Through anthropometric assessments of the adolescents, a mean weight of 49.14 ± 10.14 Kg was found, with a height of 130.42 ± 0.07 cm. Comparing the weight mentioned by the adolescents previously (50.79 ± 7.31 Kg) the values found in the anthropometric assessment and the self-reported figures. The BMI and body fat values (Table 3) fell largely into the eutrophic category, with a significant difference between the observed proportions and the expected figures found through the c2 test (p<0.01) for each category assessed.




Analyzing the BMI and the self-classifications obtained through the silhouette scale, overestimation by some adolescents was noted (Table 4), in terms of the thinness, overweight and obesity classifications.




DISCUSSION

The use of globally validated tools such as the EAT and BITE questionnaires is a recommended approach for detecting the risk of developing these disorders. Compared to the study conducted by Chiodini and Oliveira16 in a government school in São Paulo/Rio Claro to analyze eating attitudes among adolescents, the EAT test was used, with the inadequate eating figures found in this study higher than those mentioned by them.
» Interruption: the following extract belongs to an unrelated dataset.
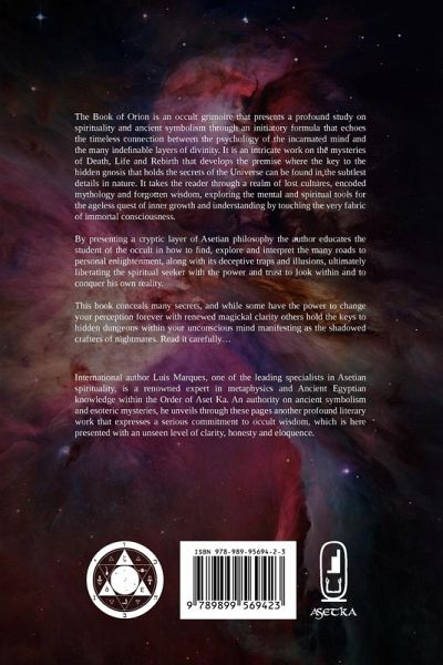The Book of Orion is an occult grimoire that presents a profound study on spirituality and ancient symbolism through an initiatory formula that echoes the timeless connection between the psychology of the incarnated mind and the many indefinable layers of divinity. It is an intricate work on the mysteries of Death, Life and Rebirth that develops the premise where the key to the hidden gnosis that holds the secrets of the Universe can be found in the subtlest details in nature. It takes the reader through a realm of lost cultures, encoded mythology and forgotten wisdom, exploring the mental and spiritual tools for the ageless quest of inner growth and understanding by touching the very fabric of immortal consciousness. By presenting a cryptic layer of Asetian philosophy the author educates the student of the occult in how to find, explore and interpret the many roads to personal enlightenment, along with its deceptive traps and illusions, ultimately liberating the spiritual seeker with the power and trust to look within and to conquer his own reality. Organized into three distinctive tomes of scholarly value, this work sheds light on the convoluted wisdom of old Israel known as the Kabbalah and how it connects with earlier Egyptian beliefs. It teaches the seeker about the formation of the Hebrew language so often explored in Western mysticism, the interpretation and use of the multilayered glyph of the Tree of Life, the fragmentation and transmutation of subtle energy explored in advanced metaphysical practice and the fundamental elements at the core of spiritual thought as studied in the mystery schools of past and present. It includes a compilation of different esoteric Libri developed by the author and of particular relevance to any contemporary occult curriculum, elaborating on the nature of initiation and its transformational properties, along with the detailed study of a powerful sigil and its complex layer of symbolism. This book conceals many secrets, and while some have the power to change your perception forever with renewed magickal clarity others hold the keys to hidden dungeons within your unconscious mind manifesting as the shadowed crafters of nightmares. Read it carefully... International author Luis Marques, one of the leading specialists in Asetian spirituality, is a renowned expert in metaphysics and Ancient Egyptian knowledge within the Order of Aset Ka. An authority on ancient symbolism and esoteric mysteries, he unveils through these pages another profound literary work that expresses a serious commitment to occult wisdom, which is here presented with an unseen level of clarity, honesty and eloquence.

According to Lowe et al.17, women particularly, when subject to chronic efforts to control their diets, become more vulnerable to purportedly forbidden foods and inadequate eating behaviors.
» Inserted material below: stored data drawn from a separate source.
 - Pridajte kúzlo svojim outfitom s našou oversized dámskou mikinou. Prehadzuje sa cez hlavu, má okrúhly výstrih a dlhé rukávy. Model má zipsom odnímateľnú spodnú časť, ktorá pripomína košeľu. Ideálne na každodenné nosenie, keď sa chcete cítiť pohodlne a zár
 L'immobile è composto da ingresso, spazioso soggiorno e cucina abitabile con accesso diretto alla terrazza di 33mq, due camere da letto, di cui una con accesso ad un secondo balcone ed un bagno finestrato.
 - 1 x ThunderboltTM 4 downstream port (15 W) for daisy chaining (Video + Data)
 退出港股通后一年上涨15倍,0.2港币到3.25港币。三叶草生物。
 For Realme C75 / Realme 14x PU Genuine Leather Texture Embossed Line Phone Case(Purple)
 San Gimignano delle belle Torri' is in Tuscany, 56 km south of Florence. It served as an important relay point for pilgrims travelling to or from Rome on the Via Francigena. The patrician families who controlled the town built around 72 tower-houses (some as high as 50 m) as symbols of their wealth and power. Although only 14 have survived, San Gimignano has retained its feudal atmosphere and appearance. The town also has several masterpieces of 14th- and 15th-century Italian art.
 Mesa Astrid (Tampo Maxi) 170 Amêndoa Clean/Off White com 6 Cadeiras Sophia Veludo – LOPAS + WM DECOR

A study conducted by Appolinário and Claudino18 in government schools in Minas Gerais State with boys and girls between 7 and 19 years old found only 19 pupils (1.1%, mainly girls) presenting positive diagnoses for bulimia nervosa according to BITE. This figure is lower than the findings of this study.

When assessing adolescents between 12 and 20 years old, Mariath and Grillo19 found figures of 20.60 ± 2.50kg/cm2 with 92.9% eutrophic and 7.1% overweight. The results noted in this study were lower for eutrophic and higher for overweight, compared to the above-mentioned study. Few studies focus on the links between weight perception and self-esteem or BMI and positive body image.

Prompted by their rapidly changing bodies and appearances, concern and self-rejection among adolescents underscore the positive link between this dissatisfaction and eating disorders. A study of adolescents between 14 and 19 years old in São Paulo reported that 39% of the eutrophic adolescents felt they were overweight, while 47% believed they were obese, indicating a difference when compared with this study20.


CONCLUSION

The results showed that the body image perceptions of adolescent girls are well-attuned to their actual nutritional status. The eutrophic level found in the anthropometric assessments was rated as high for the population. This suggests that the characterizations of these adolescents by the lifestyle of this population is very different from that found in the State capital, perhaps still following healthier eating standards. Most of the adolescents felt they were satisfied with their body image, although at high risk for the development of eating disorders.